## WORK TO COMPLETE
The entries below contain pictures. Write out only the lines from the line with "周志華介紹說,33年來,我國" up to and including the line with "爆炸物工作台:合成燃料x3,爆炸物x5,爆炸机器人装置x", exactly, without them.

## THE INPUT
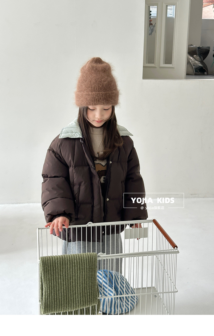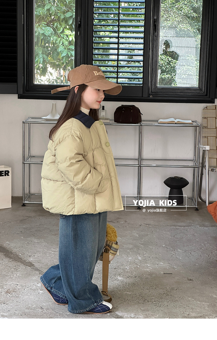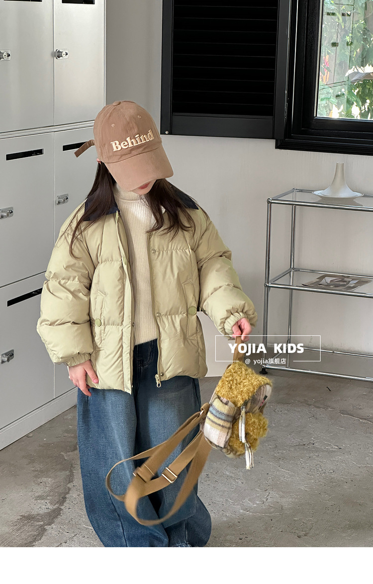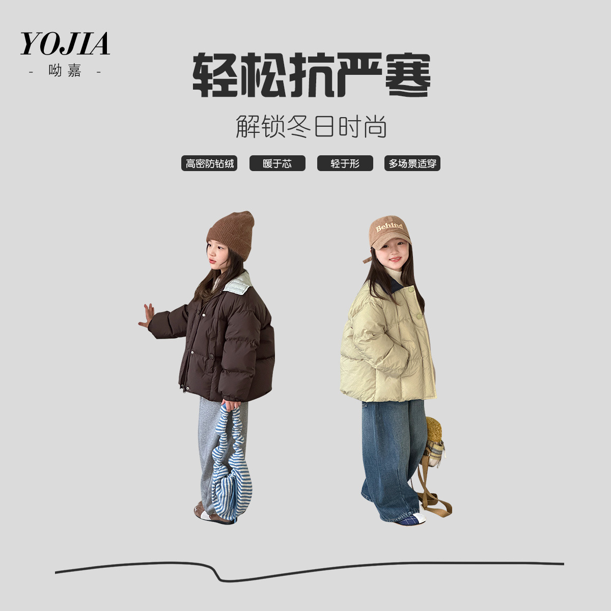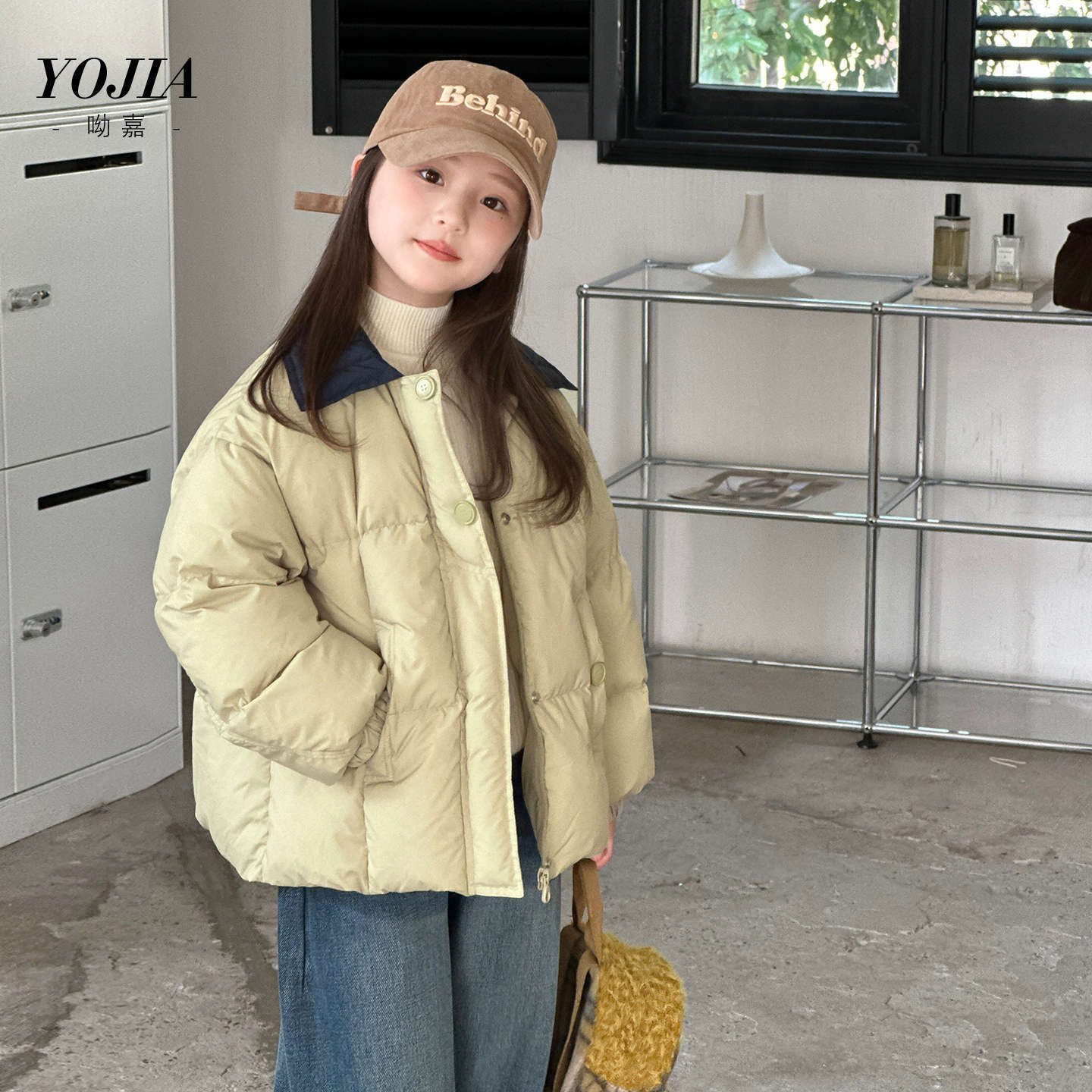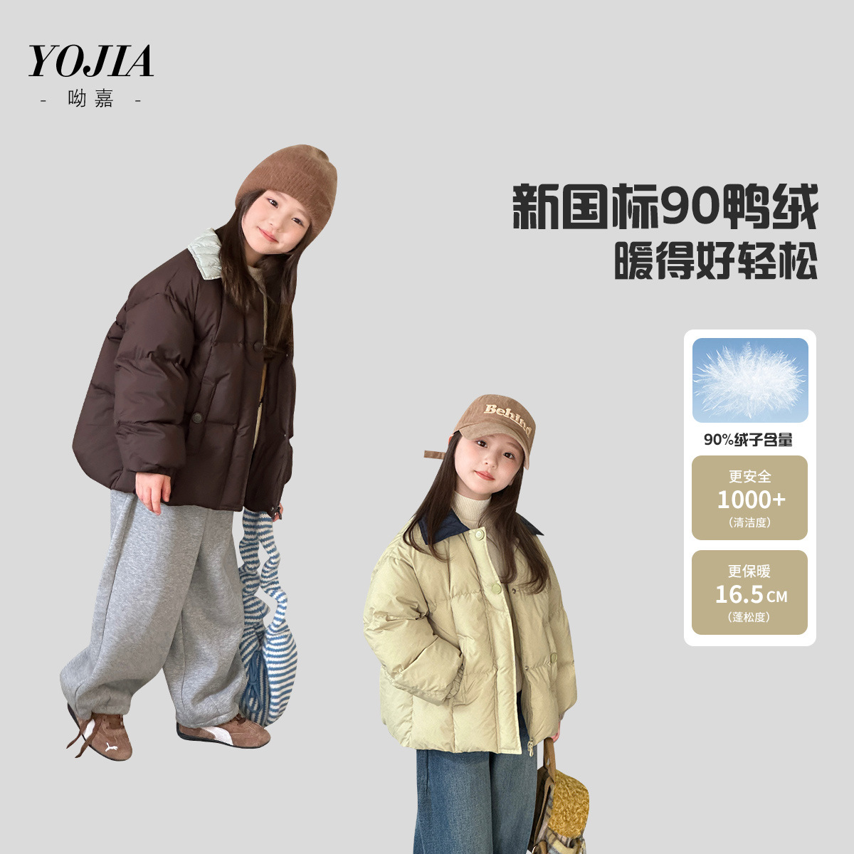 YOJIA女童羽绒服冬款2025新款洋气短款面包服外套白鸭绒儿童冬装
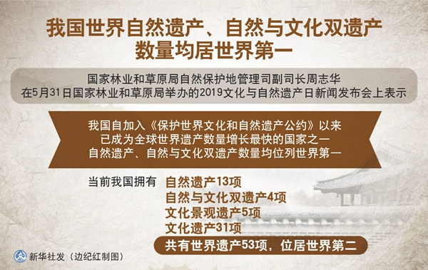 周志華介紹說,33年來,我國的世界遺產(chǎn)事業(yè)從無到有、從小到大,在世界遺產(chǎn)申報、保護、利用和管理等方面取得舉世公認(rèn)的成就。目前我國共有世界遺產(chǎn)53項,位居世界第二。除了自然遺產(chǎn)、自然與文化雙遺產(chǎn)以外,還有文化景觀遺產(chǎn)5項、文化遺產(chǎn)31項。
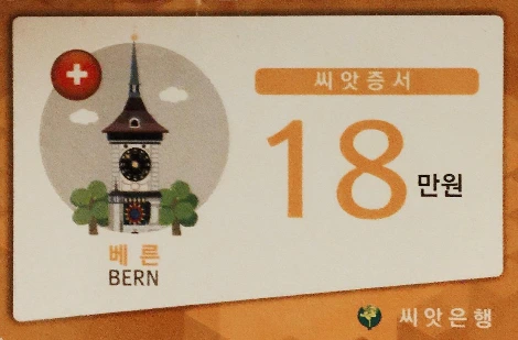 작년 겨울, 딸이 여섯 번째 생일 선물로 유치원 같은 반 친구에게 부루마블 게임을 선물로 받았다. 이 게임은 세계 각국의 도시에 땅을 사고, 호텔이나 빌딩, 별장을 지어 통행료를 받는 게임이다. 그중에는 물론 베른도 있다. 그런데 아는 사람은 알겠지만, 베른은 이 보드게임에서 그리 중요한 위치에 있지 않고, 부동산 값도 낮게 책정되어 있다. 이 도시의 카드에는 별로 유명할 것도 없는 시계탑-파리의 에펠탑이나, 런던의 타워브리지에 비하면-이 그려져 있다. 전혀 매력적인 부분이 없다.
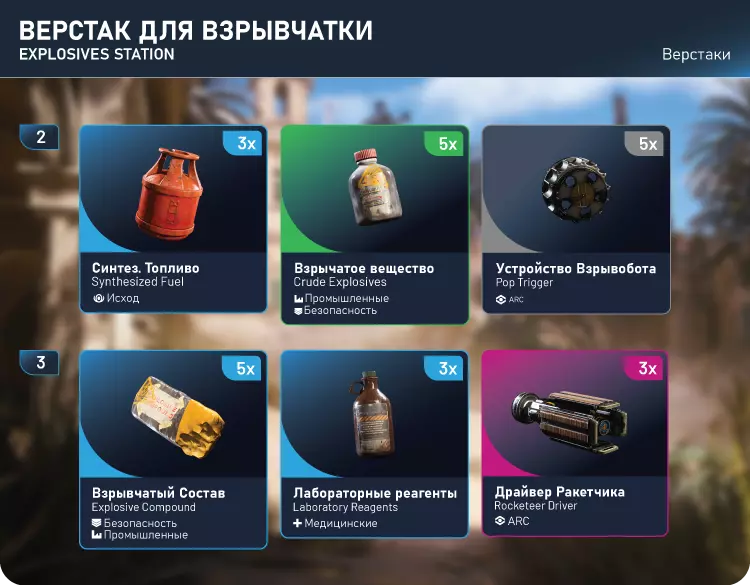 爆炸物工作台:合成燃料x3,爆炸物x5,爆炸机器人装置x8,爆炸成分x5,实验室试剂x3,火箭筒驱动x3
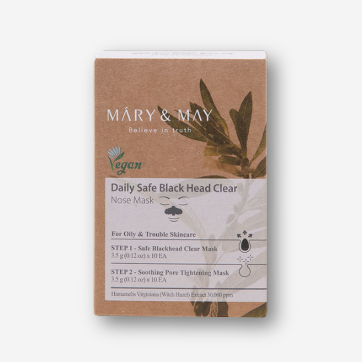 Mary & May Daily Safe Blackhead Clear Nose Pack derrite suavemente los puntos negros durante 10 minutos. Daily Safe Blackhead Clear Nose Pack está certificado para veganos, selecciona sólo ingredientes no irritantes de grado verde EWG como el hamamelis y el extracto de corteza de sauce blanco para disolver suavemente las células muertas de la piel y los puntos negros para descargar los residuos fuera de los poros. Después de eliminar los puntos negros, los extractos de centella asiática, houttuynia cordata y árbol del té calman los poros y utilizan péptidos e ingredientes activos de adenosina generosamente para cerrar los poros y dar elasticidad para reducir fundamentalmente los puntos negros.
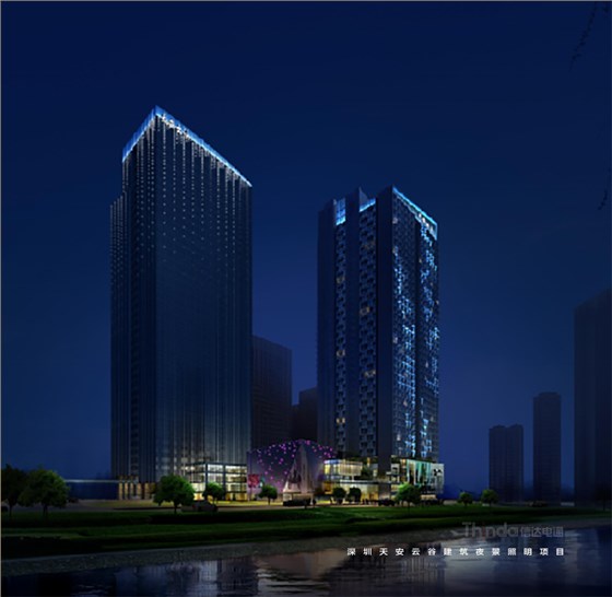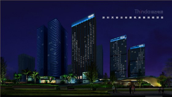 深圳天安云谷夜景照明建筑本身由建筑主體元素延伸至頂部,突出建筑高度和在夜間的遠(yuǎn)觀效果,材質(zhì)為玻璃幕墻。辦公樓建筑立面材質(zhì)為玻璃為主,立面結(jié)構(gòu)縱向延展性好。

## RESPONSE
 周志華介紹說,33年來,我國的世界遺產(chǎn)事業(yè)從無到有、從小到大,在世界遺產(chǎn)申報、保護、利用和管理等方面取得舉世公認(rèn)的成就。目前我國共有世界遺產(chǎn)53項,位居世界第二。除了自然遺產(chǎn)、自然與文化雙遺產(chǎn)以外,還有文化景觀遺產(chǎn)5項、文化遺產(chǎn)31項。
 작년 겨울, 딸이 여섯 번째 생일 선물로 유치원 같은 반 친구에게 부루마블 게임을 선물로 받았다. 이 게임은 세계 각국의 도시에 땅을 사고, 호텔이나 빌딩, 별장을 지어 통행료를 받는 게임이다. 그중에는 물론 베른도 있다. 그런데 아는 사람은 알겠지만, 베른은 이 보드게임에서 그리 중요한 위치에 있지 않고, 부동산 값도 낮게 책정되어 있다. 이 도시의 카드에는 별로 유명할 것도 없는 시계탑-파리의 에펠탑이나, 런던의 타워브리지에 비하면-이 그려져 있다. 전혀 매력적인 부분이 없다.
 爆炸物工作台:合成燃料x3,爆炸物x5,爆炸机器人装置x8,爆炸成分x5,实验室试剂x3,火箭筒驱动x3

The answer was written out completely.